» **Data listing**:
++++
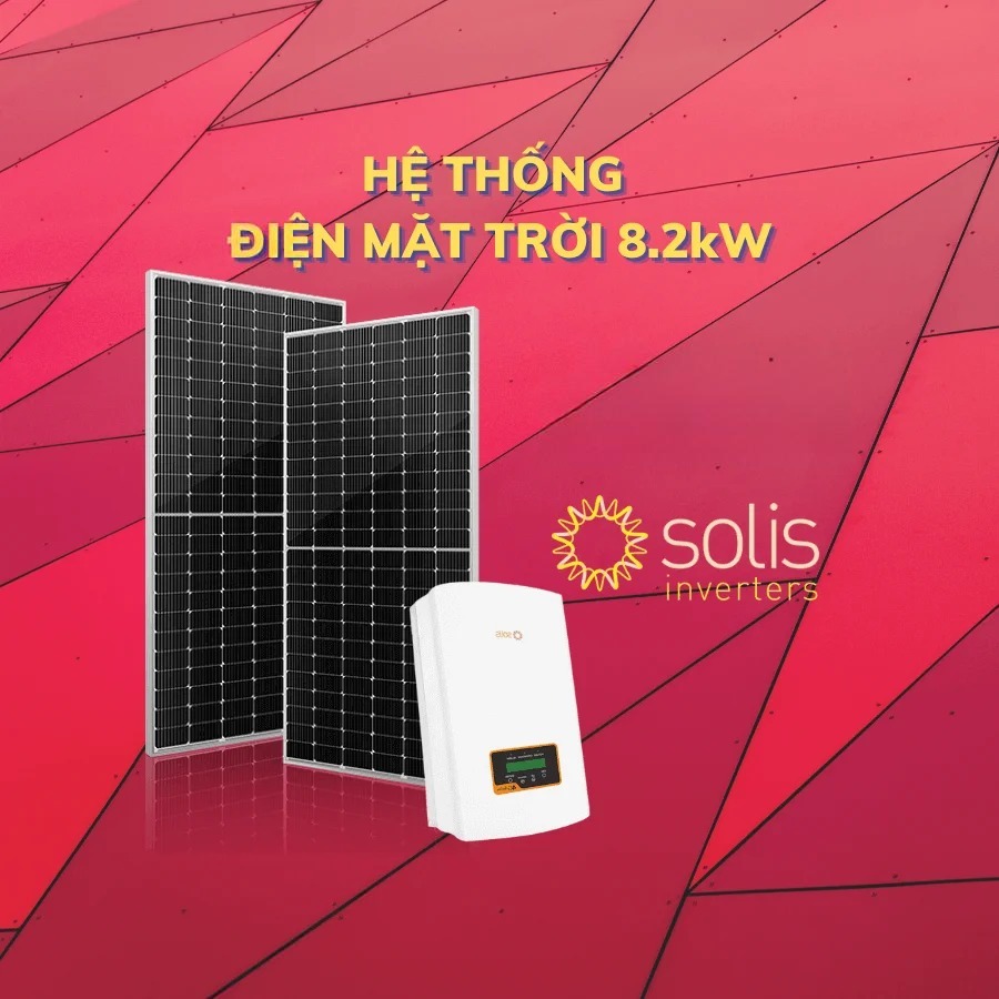 Diện tích lắp đặt khoảng 40m², hiệu suất chuyển đổi 20,4% - Inverter hòa lưới Solis 8kW:
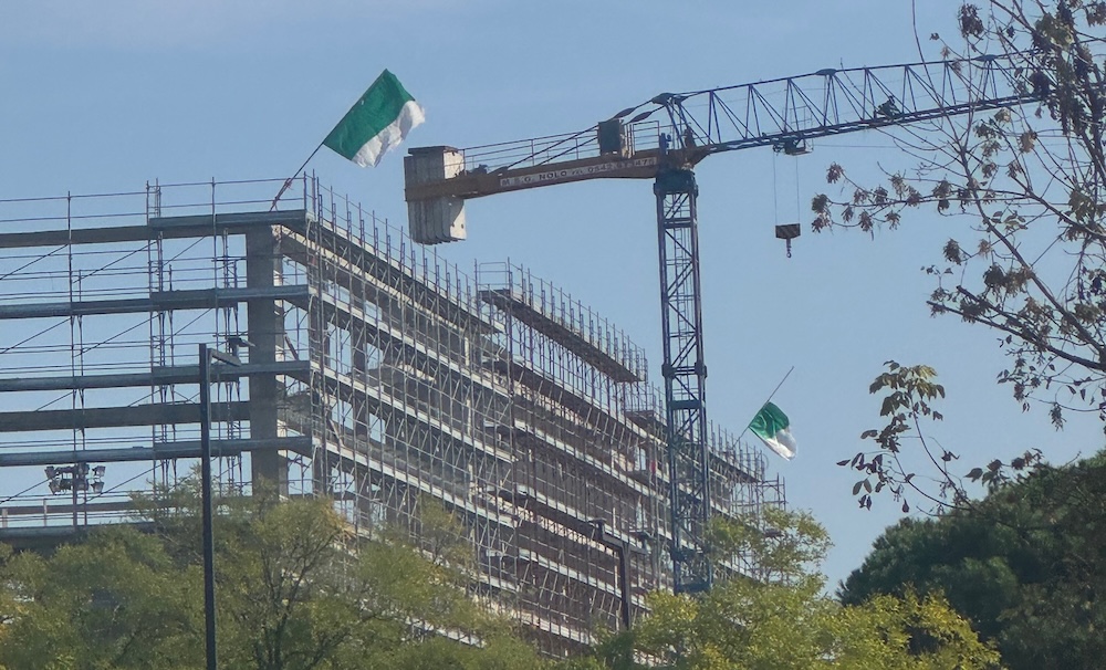Le due bandiere, probabilmente issate con spirito di entusiasmo operaio ma zero supervisione, oggi appaiono ridotte a brandelli, logore, scolorite e si agitano penosamente sopra un cantiere che, già di per sé brilla più per i ritardi cronici che per la puntualità e in cui non c’è nulla da festeggiare. Un’immagine perfetta, a pensarci bene: bandiere a pezzi su un progetto a pezzi, una specie di meme edilizio in tempo reale.
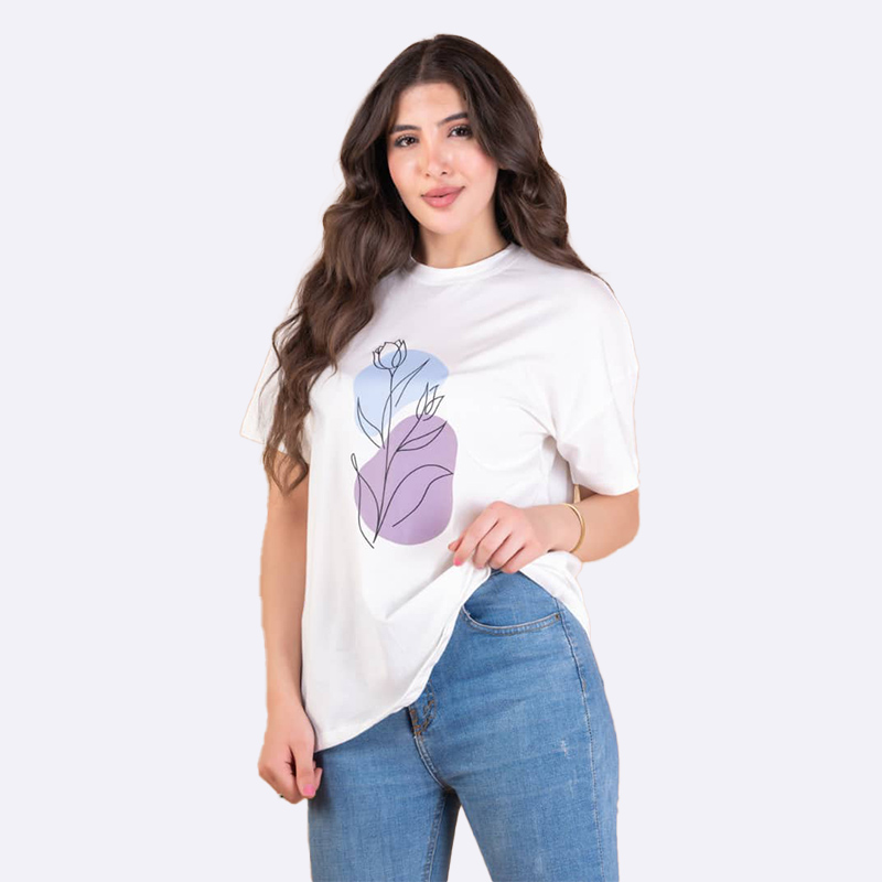 تي شيرت نسائي بأكمام قصيرة وطبعة زهرة مجردة أمامية، بقصة مريحة وعصرية للارتداء اليومي.
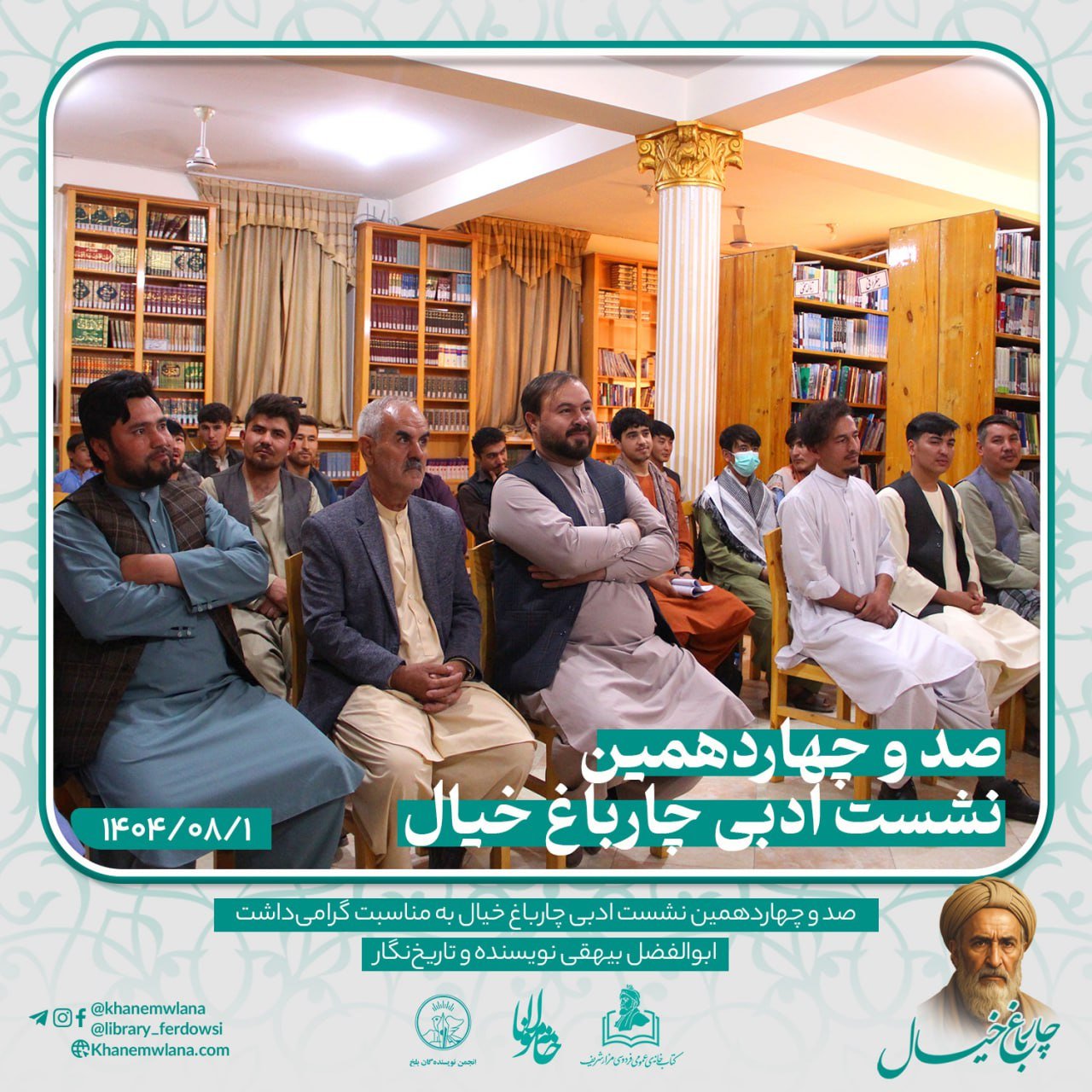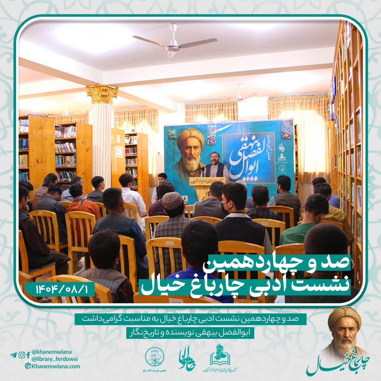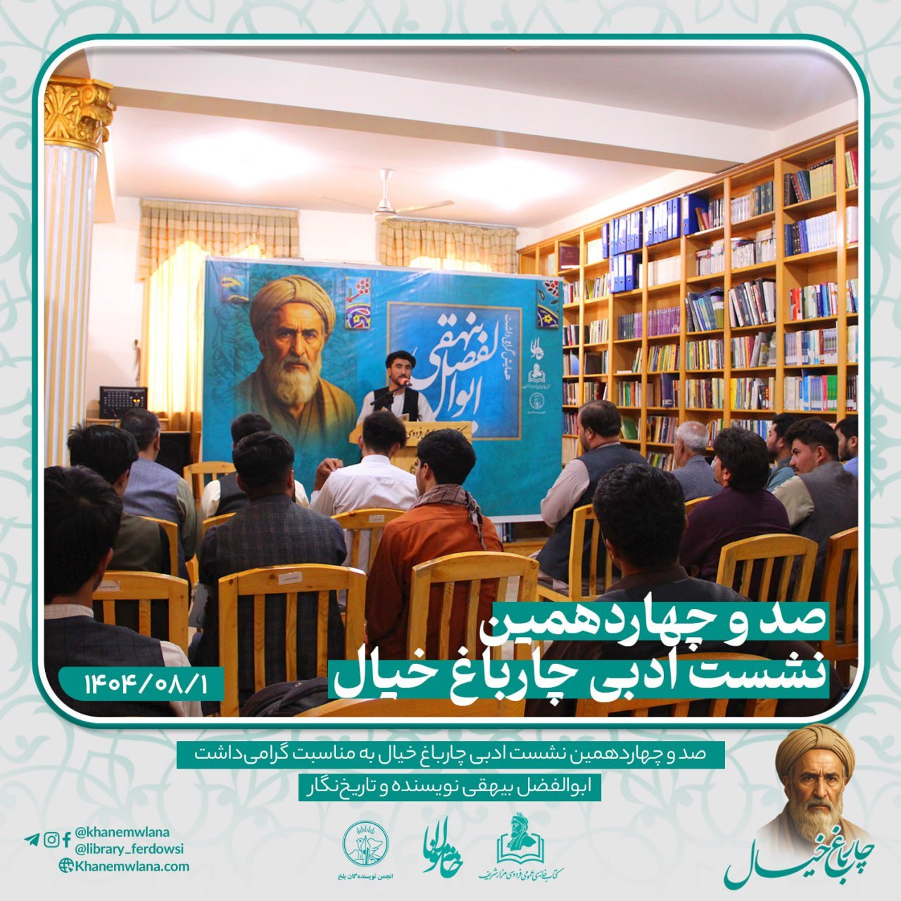 صد و چهاردهمین نشستِ ادبی «چارباغِ خیال» در شهر کهن بلخ، پیوند خورده بود با همایش گرامیداشت از شخصیت برجستهی ادبی و تاریخی، نویسنده و تاریخنگار نامدار، ابوالفضل بیهقی. این برنامهی فرهنگی و ادبی با تلاش «انجمن ادبی خانه مولانا»، «انجمن نویسندگان ولایت بلخ» و همکاری «کتابخانه عمومی فردوسی – مزارشریف» برگزار گردید.
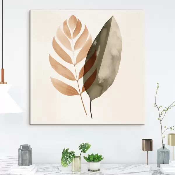 Gemälde Ein Duo aus Blattsilhouetten im abstrakten Aquarellstil Art. s46645
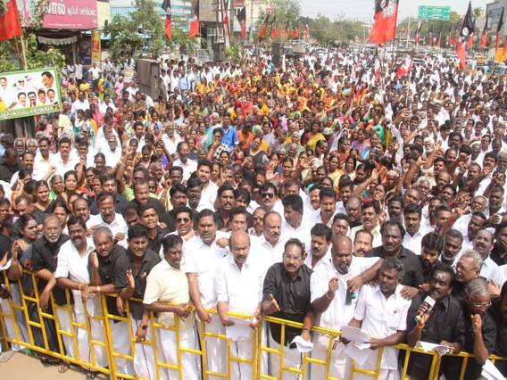 எடப்பாடி பழனிசாமி, அவரின் பாதுகாவலர் கிருஷ்ணன், சிவகங்கை சட்டமன்ற உறுப்பினர் செந்தில்நாதன், முன்னாள் அமைச்சர் மணிகண்டன், அக்ரி கிருஷ்ணமூர்த்தி மகன் மற்றும் அடையாளம் தெரியாத அதிமுக நபர் ஒருவர் ஆகிய 6 பேர் மீது காவல்துறை வழக்குப்பதிவு செய்தது. இந்நிலையில் முன்னாள் முதலமைச்சர் எடப்பாடி பழனிசாமி மீது காவல்துறை வழக்குப்பதிவு செய்ததை கண்டித்து மதுரை பழங்காநத்தம் ஜெயம் தியேட்டர் அருகில் முன்னாள் அமைச்சர்கள் செல்லூர் ராஜூ, ஆர்.பி.உதயகுமார், சட்டமன்ற உறுப்பினர் ராஜன் செல்லப்பா ஆகியோர் தலைமையில் தி.மு.க., அரசை கண்டித்து கடந்த 13-ம் தேதி ஆர்ப்பாட்டம் நடத்தினர். இந்த ஆர்ப்பாட்டத்தில் மதுரை மாநகர், புறநகர், மேற்கு மாவட்ட அதிமுக சார்பில் 2000க்கும் மேற்பட்ட அ.தி.மு.கவினர் கலந்து கொண்டு காவல்துறையை கண்டித்தும், தி.மு.க., அரசை கண்டித்தும் கருப்பு சட்டை அணிந்து கண்டன முழக்கங்களை எழுப்பினர்.
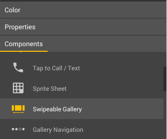 To add a ‘Swipeable Gallery’ simply click on the ‘Components’ section on the Right Hand Size and select the option from the list provided. Once selected you can now drag this onto the canvas into the position you would like the images to render.
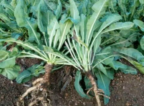 播种后,要注意观察,盖地膜的有70%出苗,就可揭开地膜,进行浅锄,除去小杂草。当苗高3~5厘米时进行间苗,剔除小苗、弱苗,留壮苗,苗距4~6厘米;当苗高7~10厘米时进行定苗,苗距8~10厘米。留苗距太密时,根小,叶片不肥厚;苗距过大,主根易分叉,须根多、条不直,产量降低。
++++
Above are the records. Copy word for word only their lines from the one holding "Le due bandiere, probabilmente" through the one holding "تي شيرت نسائي", both included, and skip the images.

Le due bandiere, probabilmente issate con spirito di entusiasmo operaio ma zero supervisione, oggi appaiono ridotte a brandelli, logore, scolorite e si agitano penosamente sopra un cantiere che, già di per sé brilla più per i ritardi cronici che per la puntualità e in cui non c’è nulla da festeggiare. Un’immagine perfetta, a pensarci bene: bandiere a pezzi su un progetto a pezzi, una specie di meme edilizio in tempo reale.
 تي شيرت نسائي بأكمام قصيرة وطبعة زهرة مجردة أمامية، بقصة مريحة وعصرية للارتداء اليومي.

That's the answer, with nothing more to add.